The first phase is stabilization. This is not abstinence as such, although for some clients it includes substance management. It is the establishment of basic regulatory capacity through means other than the substance: somatic anchoring, predictable sleep architecture, relational scaffolding, structured affect-tolerance work. The Najavits Seeking Safety protocol (Najavits, 2002) and its derivatives codify this approach with documented outcomes in trauma-comorbid populations: across more than fifteen controlled trials, integrated trauma-and-addiction treatment has produced greater reductions in both PTSD symptoms and substance use than parallel or sequential models that treat the two conditions separately. The effect sizes are not enormous in any single study, but the direction is consistent, and the population in which the effect is strongest is precisely the population most poorly served by abstinence-first care. Stabilization is not glamorous, and the client often does not feel changed during it. The change is structural: the system is being given alternative tools.

The second phase is capacity-building, in which alternative regulatory strategies are practiced until they begin to compete, functionally, with the substance. This is often where substance use begins to reduce without explicit cessation pressure, because the underlying dysregulation is being addressed through other means, and the substance is no longer the only available regulation.

The third phase is trauma reprocessing, which uses EMDR, IFS, structured exposure protocols, or other modalities to reduce the upstream load that is driving the dysregulation in the first place.
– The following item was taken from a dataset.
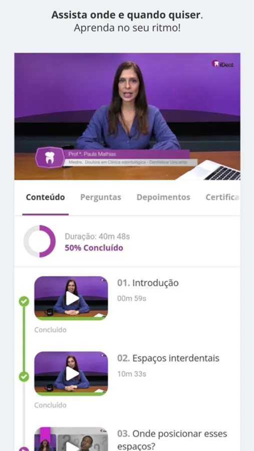 Para você que está cursando Odontologia o iDent possui um conteúdo do ciclo básico ao clínico e ainda te prepara para a vida profissional com aulas de carreira e mercado. Todos os cursos do iDent possuem certificados com horas para serem apresentadas na sua faculdade. Aquela ajuda para passar na prova e sentir mais segurança no atendimento na clínica!

This is where the gain dial begins to come down, and where the substance often loses both its function and its grip.

In a small clinical-phenomenological study (Laugman, 2026), clients presenting with comorbid addiction and PTSD reported reduction in substance use that tracked alongside reduction in trauma symptoms, not preceding them. The reduction was rarely framed by the clients as “I quit”. It was more often framed as “I noticed I didn't need it the same way”. The function had moved.